* _Given material_:
■ ■ ■
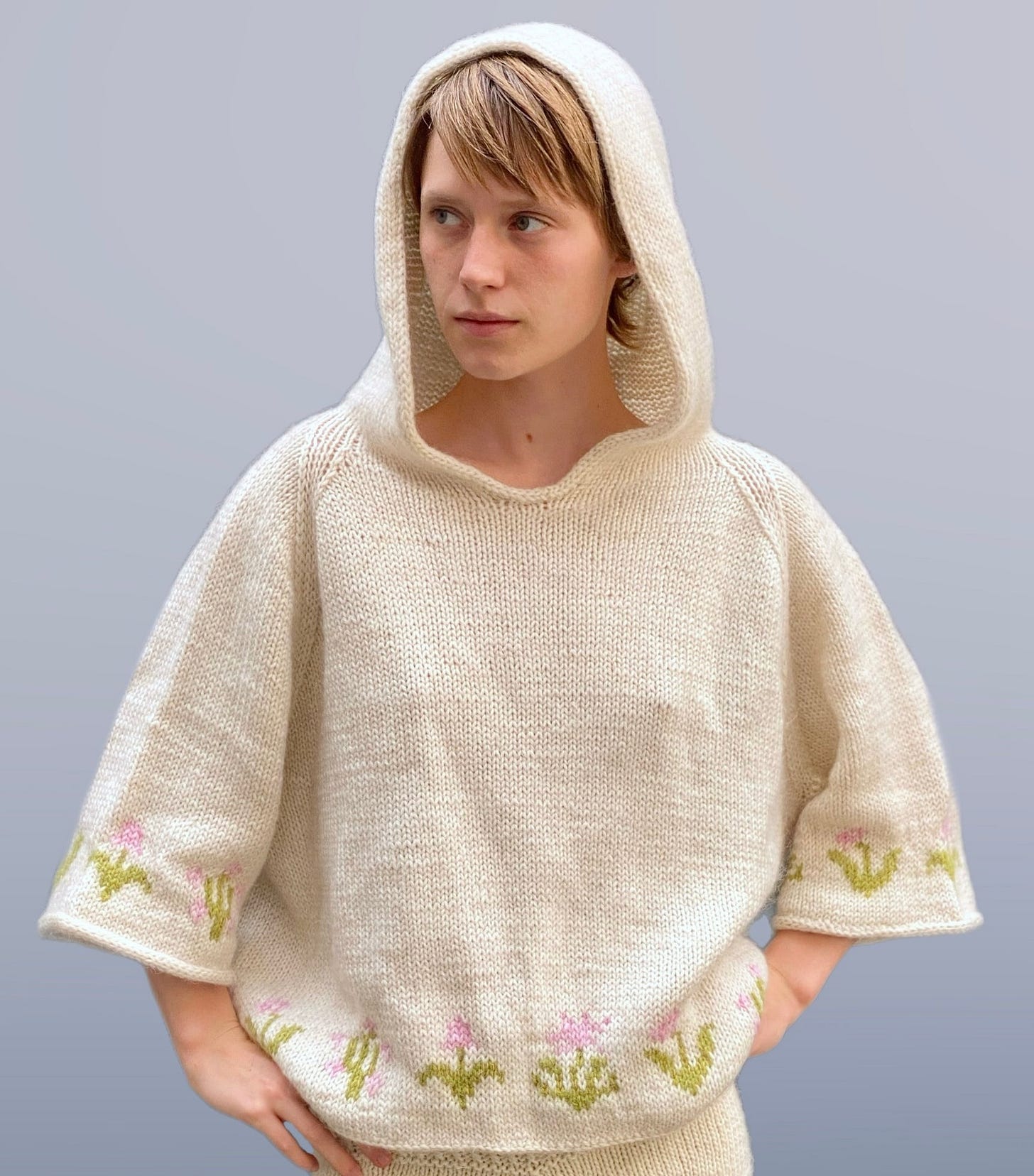 This first hoodie took my breath away. The thing that is most appealing about this to me, besides the obvious ( flowers ), is the hood. Knitting a hoodie has been on my bucket list for so long, and honestly seems way easier than it looks.
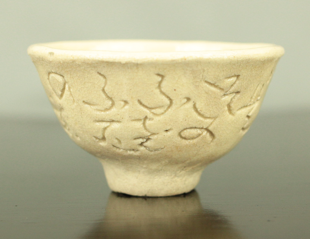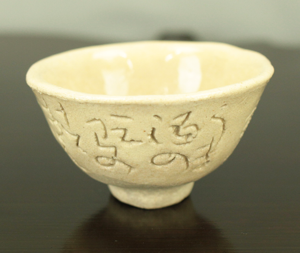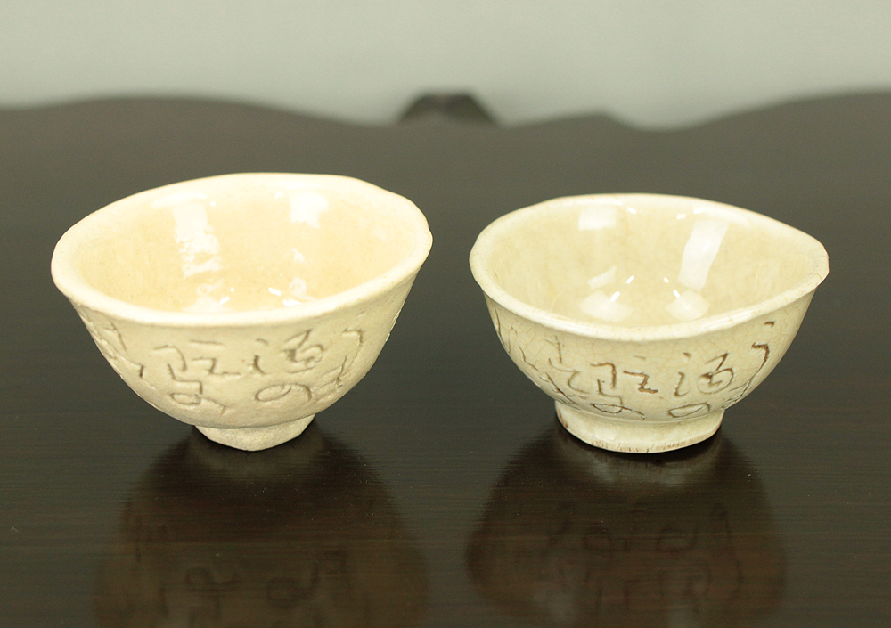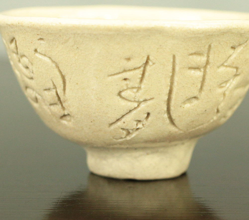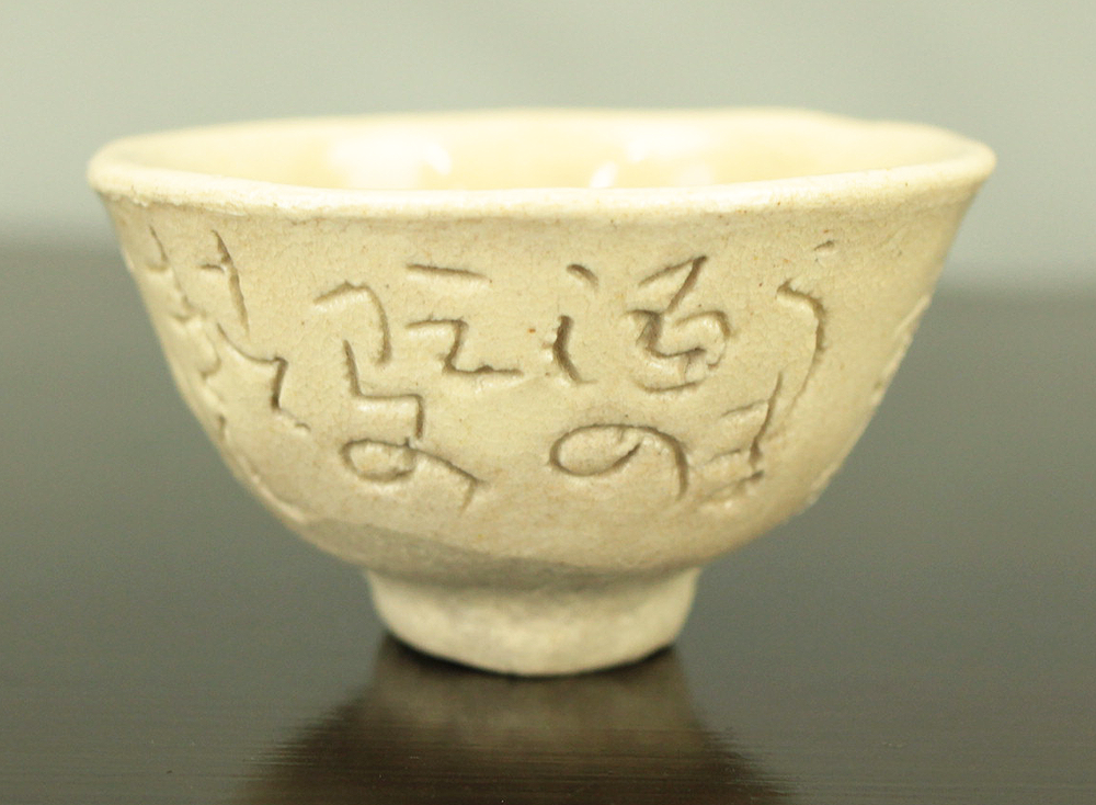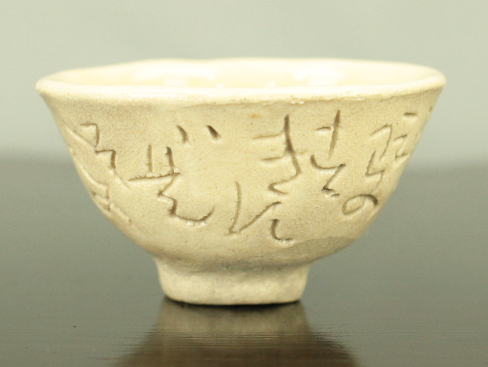 The remaining four cups feature the same poem rendered in nail carving (kugi-bori), a hallmark of Rengetsu’s tactile and meditative style. These bear the verse:
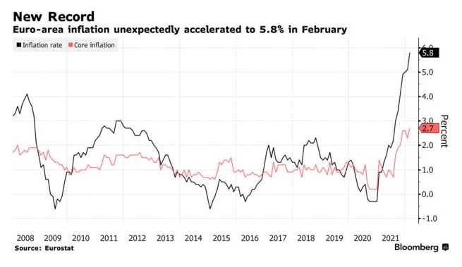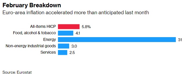 最新数据显示,欧元区2月份消费者价格指数同比上涨5.8%,高于上月的5.1%,也高于预期的5.6%。核心CPI同比增长2.9%。
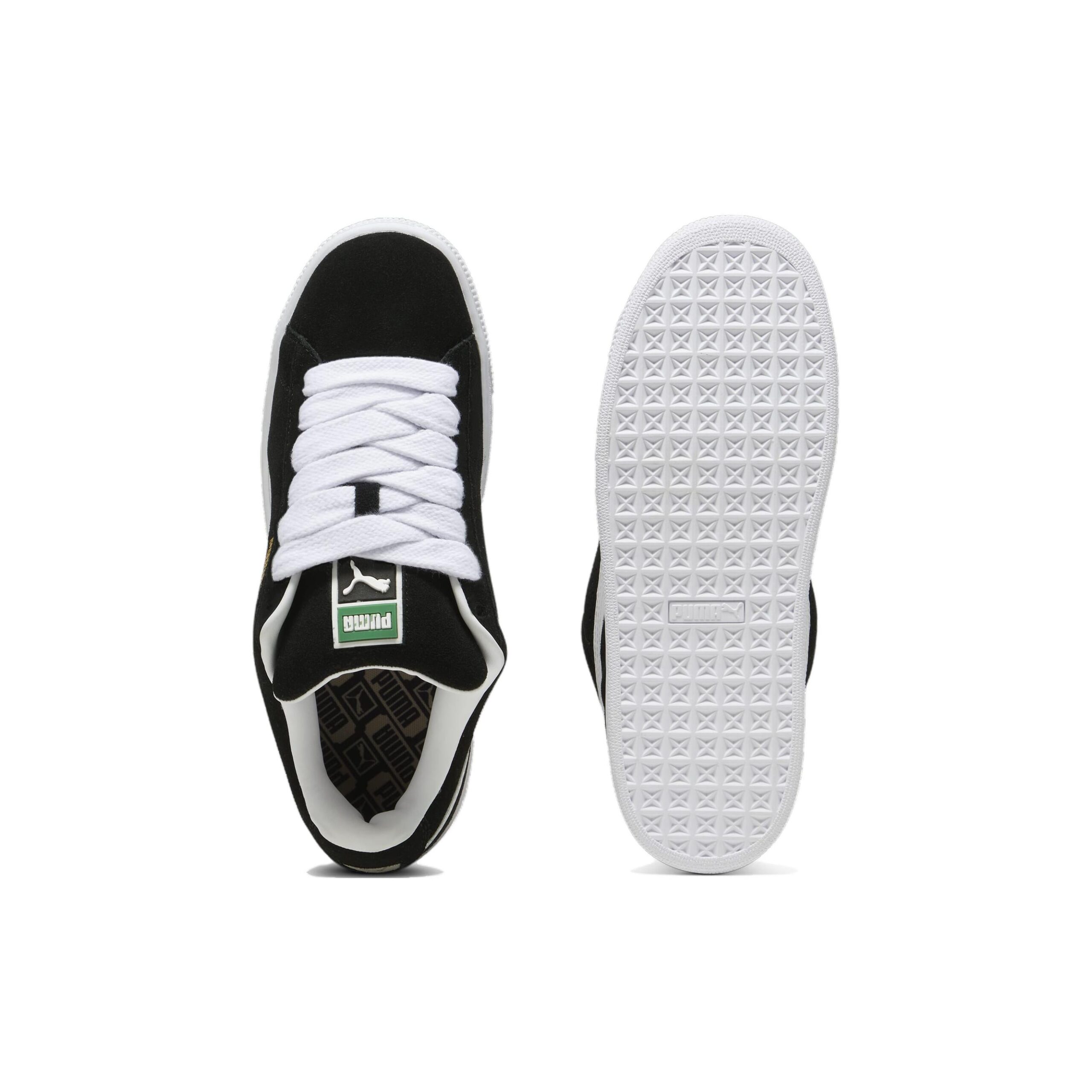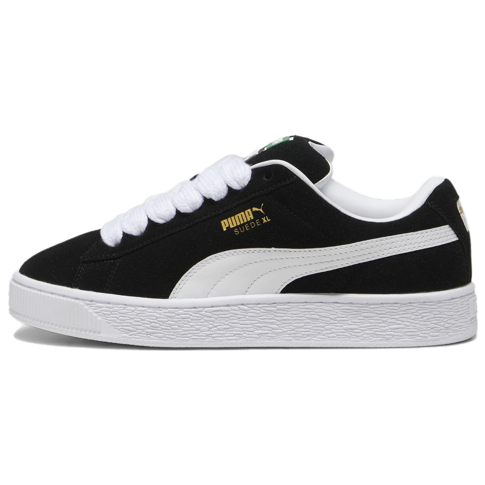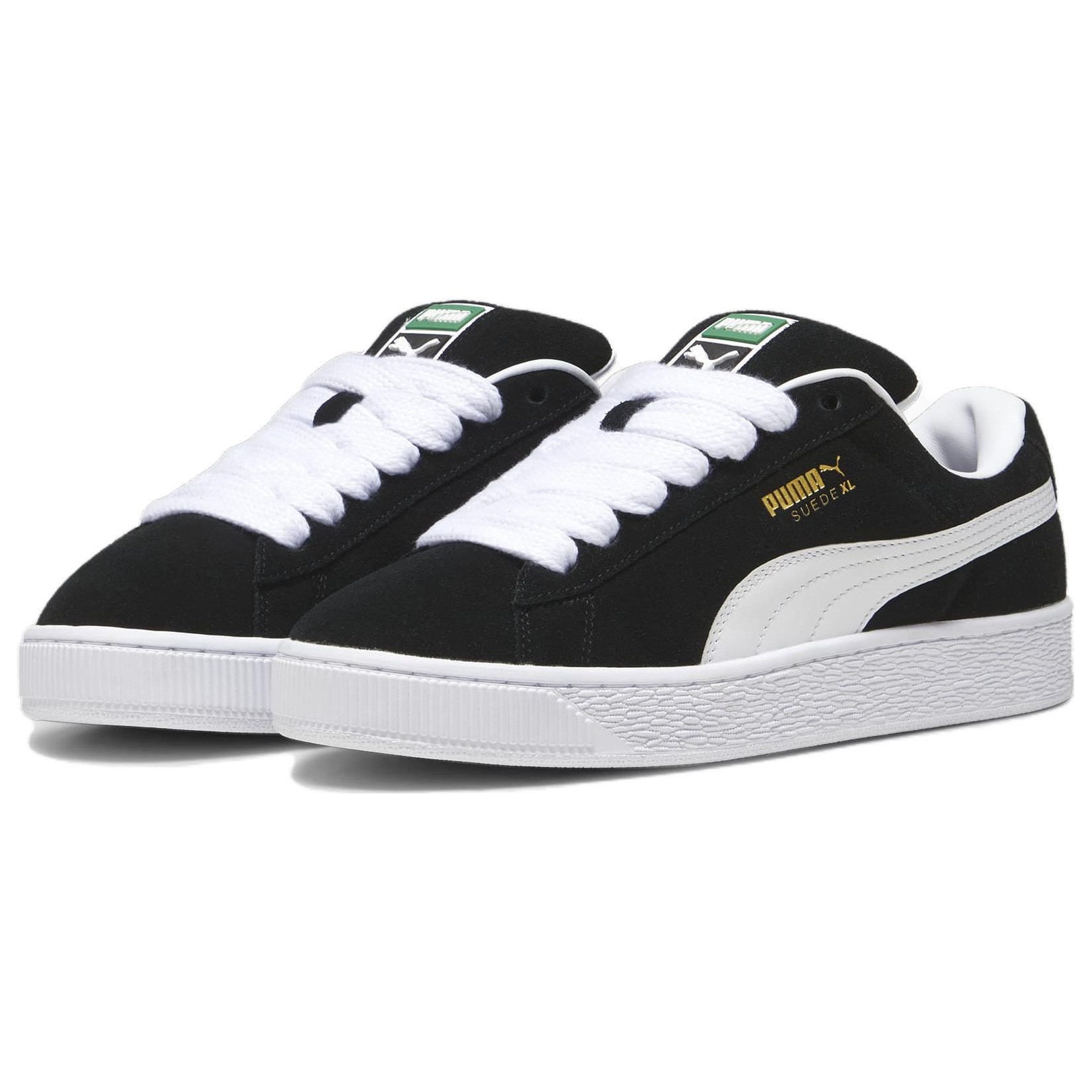 The Puma Suede XL Black White is a low-top lifestyle shoe with a chunky base that adds height, presenting in a crisp black and white color.The Suede XL pulls design inspiration from the original adidas Suede silhouette. While it stays true to some of the iconic elements, it mixes it up by adding a mega padded tongue and height boosting midsole. Dressed in plush black suede, the upper boasts white leather Formstrips on the side panels. A white liner and white midsole give this shoe a ying-yang appearance. Thick black laces complete the look.What do we think is a special design element of Puma Suede XL Black White? It d have to be the gold-colored accents that appear in the branding hits on the lateral side panel and the heel. They add just the right amount of pizzazz. This shoe retailed for $100 when it was released on April 8, 2018.
■ ■ ■
* _Exercise_: Print the material above once more, exactly. No pictures belong in it.

* _Solved problem_:
 This first hoodie took my breath away. The thing that is most appealing about this to me, besides the obvious ( flowers ), is the hood. Knitting a hoodie has been on my bucket list for so long, and honestly seems way easier than it looks.
 The remaining four cups feature the same poem rendered in nail carving (kugi-bori), a hallmark of Rengetsu’s tactile and meditative style. These bear the verse:
 最新数据显示,欧元区2月份消费者价格指数同比上涨5.8%,高于上月的5.1%,也高于预期的5.6%。核心CPI同比增长2.9%。
 The Puma Suede XL Black White is a low-top lifestyle shoe with a chunky base that adds height, presenting in a crisp black and white color.The Suede XL pulls design inspiration from the original adidas Suede silhouette. While it stays true to some of the iconic elements, it mixes it up by adding a mega padded tongue and height boosting midsole. Dressed in plush black suede, the upper boasts white leather Formstrips on the side panels. A white liner and white midsole give this shoe a ying-yang appearance. Thick black laces complete the look.What do we think is a special design element of Puma Suede XL Black White? It d have to be the gold-colored accents that appear in the branding hits on the lateral side panel and the heel. They add just the right amount of pizzazz. This shoe retailed for $100 when it was released on April 8, 2018.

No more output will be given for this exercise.